**Exercise instructions**: Everything in the data below is left aside except the lines from the one containing "Alvar - Swedish" through the one containing "불갑사 무량수전 앞에 꽃무릇이 예쁘다"; repeat those exactly.

:: Supplied records

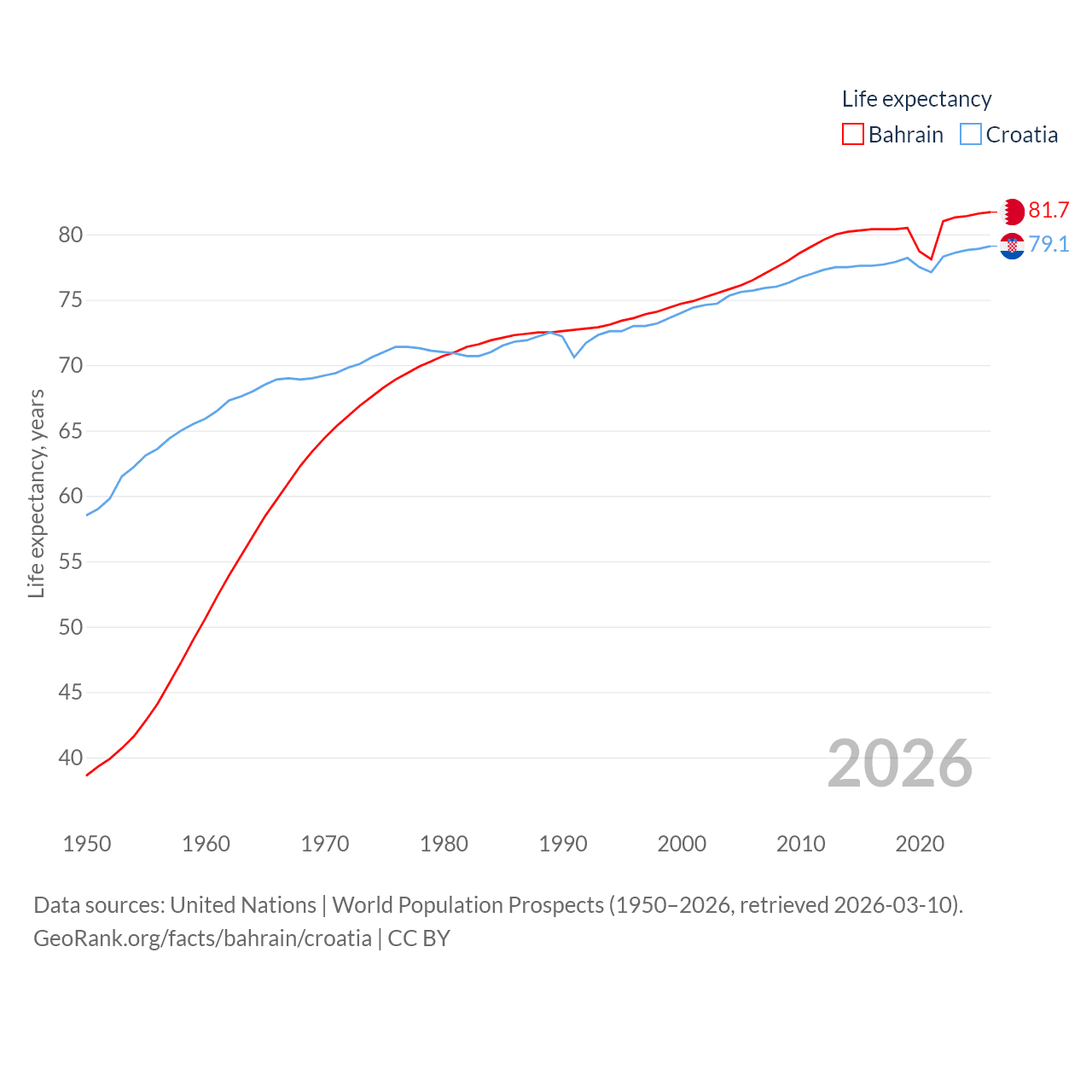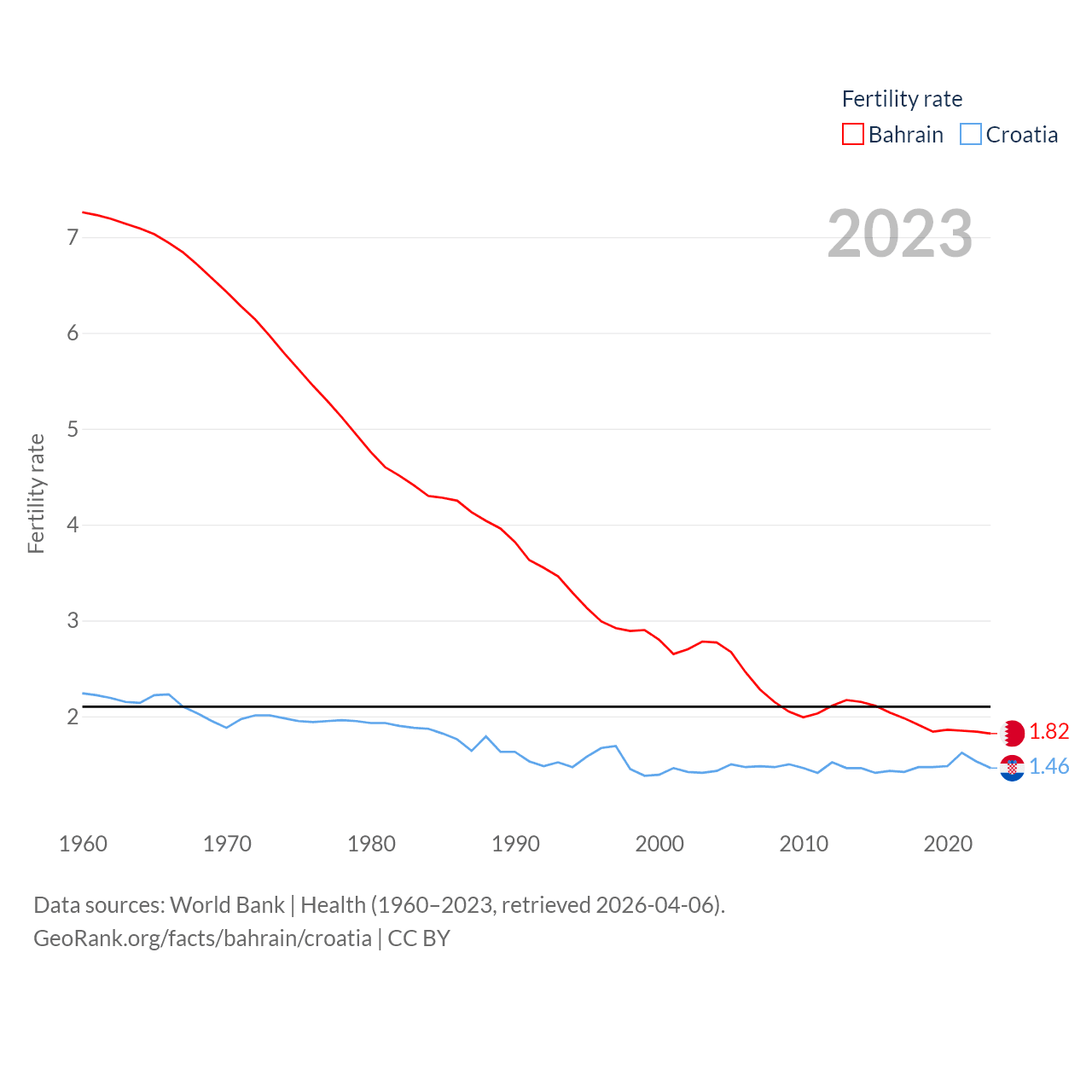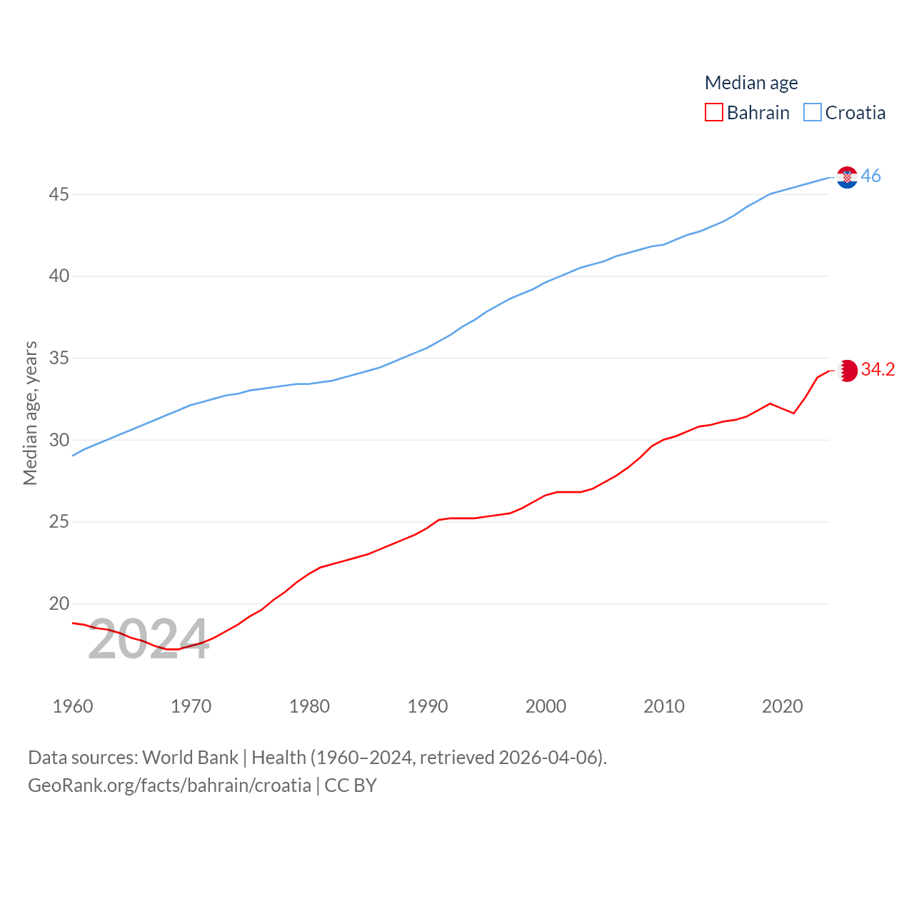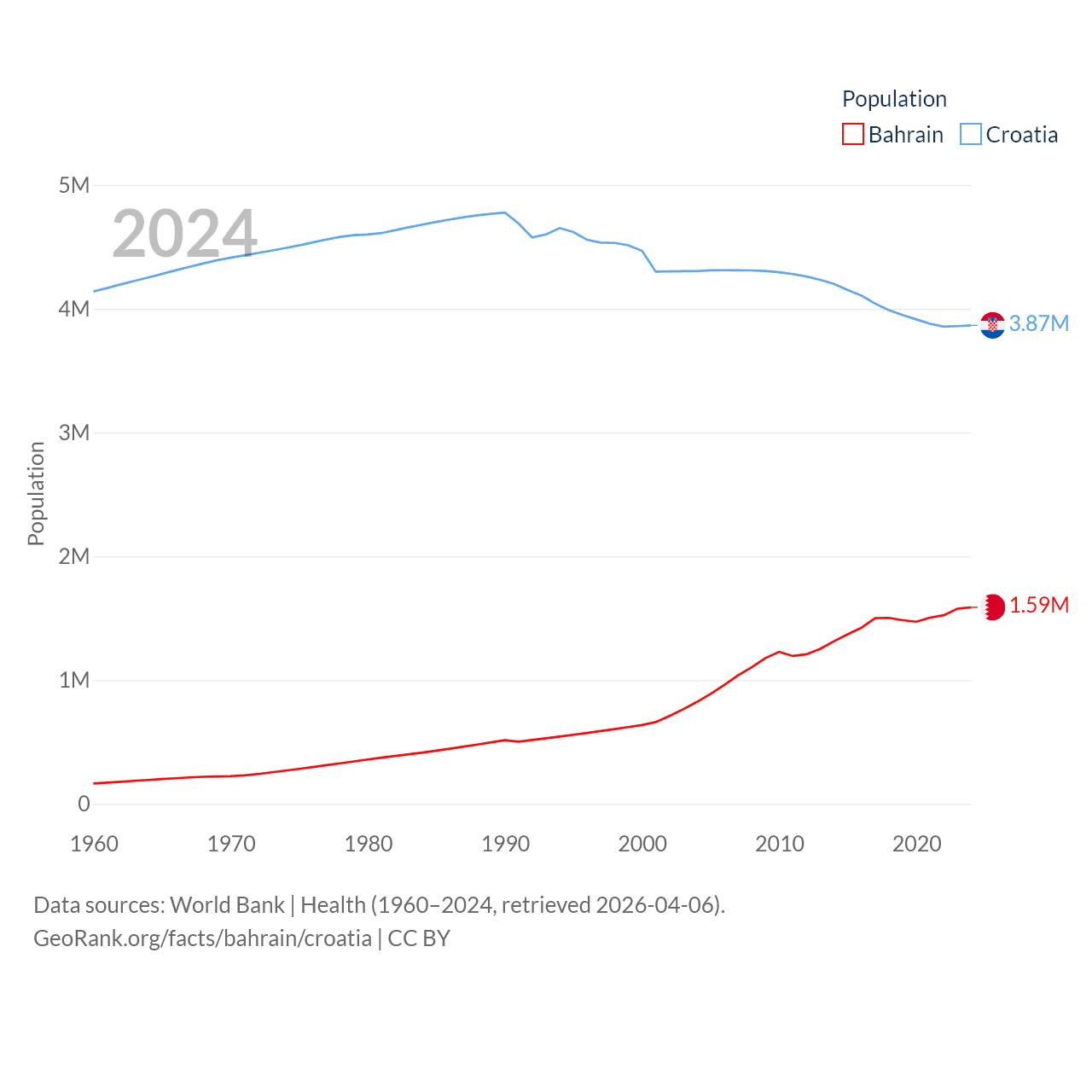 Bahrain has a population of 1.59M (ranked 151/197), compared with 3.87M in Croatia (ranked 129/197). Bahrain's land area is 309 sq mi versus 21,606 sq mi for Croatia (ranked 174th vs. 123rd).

::::
:: Supplied records

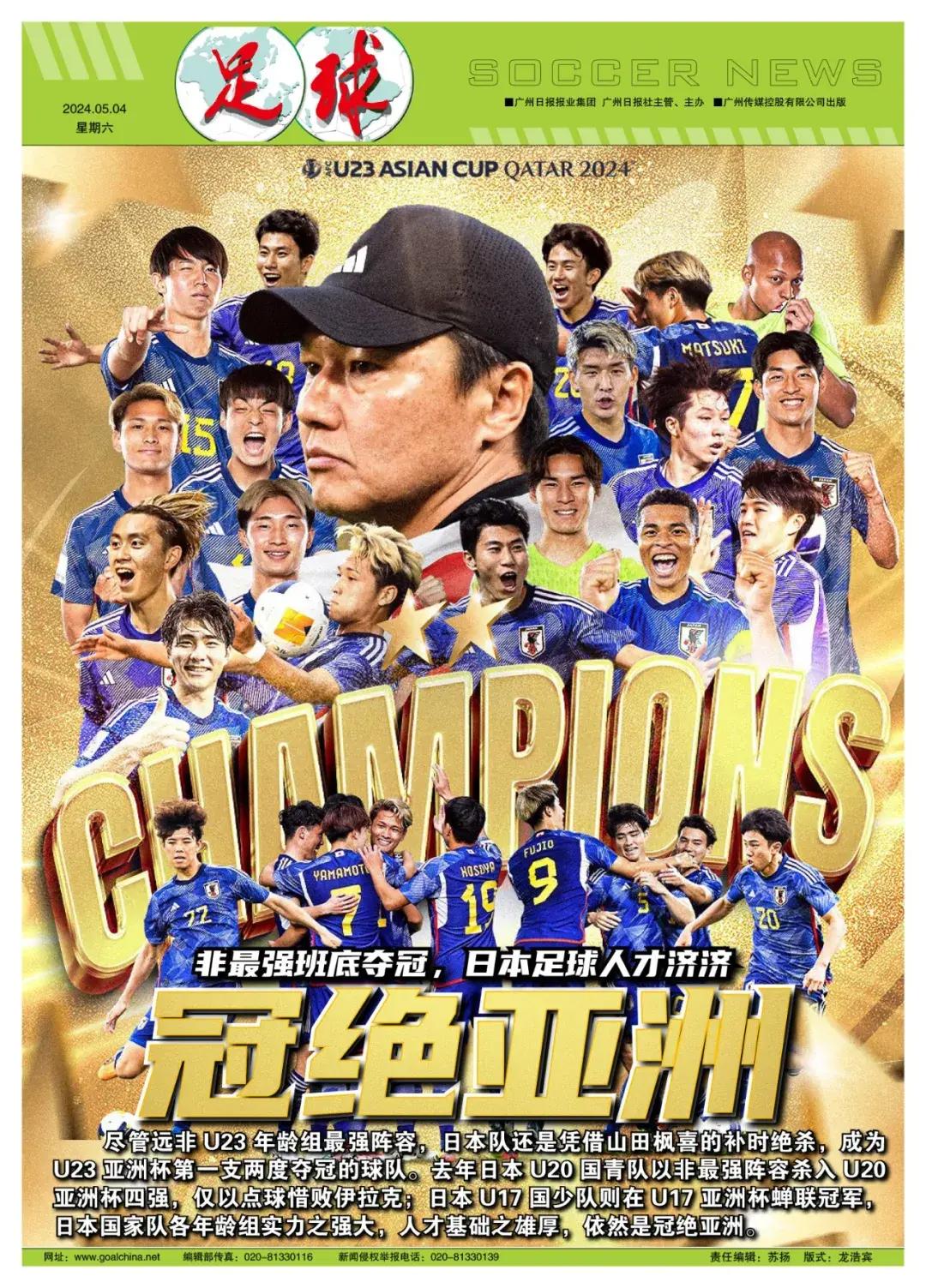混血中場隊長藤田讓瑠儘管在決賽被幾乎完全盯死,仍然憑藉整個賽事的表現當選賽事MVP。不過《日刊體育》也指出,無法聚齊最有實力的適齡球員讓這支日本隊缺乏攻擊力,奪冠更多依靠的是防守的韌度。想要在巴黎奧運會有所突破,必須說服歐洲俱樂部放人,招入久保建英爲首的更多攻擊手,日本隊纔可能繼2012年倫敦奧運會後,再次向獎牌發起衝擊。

::::
:: Supplied records

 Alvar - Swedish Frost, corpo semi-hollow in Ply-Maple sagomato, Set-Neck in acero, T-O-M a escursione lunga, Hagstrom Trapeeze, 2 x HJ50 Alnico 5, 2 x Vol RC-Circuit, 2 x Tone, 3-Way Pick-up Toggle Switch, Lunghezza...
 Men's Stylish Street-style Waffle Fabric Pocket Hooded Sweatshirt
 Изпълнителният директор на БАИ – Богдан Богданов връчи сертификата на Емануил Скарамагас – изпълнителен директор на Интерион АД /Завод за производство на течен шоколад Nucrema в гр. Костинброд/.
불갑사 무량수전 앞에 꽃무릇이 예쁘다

::::

**Answer for the task**:
 Alvar - Swedish Frost, corpo semi-hollow in Ply-Maple sagomato, Set-Neck in acero, T-O-M a escursione lunga, Hagstrom Trapeeze, 2 x HJ50 Alnico 5, 2 x Vol RC-Circuit, 2 x Tone, 3-Way Pick-up Toggle Switch, Lunghezza...
 Men's Stylish Street-style Waffle Fabric Pocket Hooded Sweatshirt
 Изпълнителният директор на БАИ – Богдан Богданов връчи сертификата на Емануил Скарамагас – изпълнителен директор на Интерион АД /Завод за производство на течен шоколад Nucrema в гр. Костинброд/.
불갑사 무량수전 앞에 꽃무릇이 예쁘다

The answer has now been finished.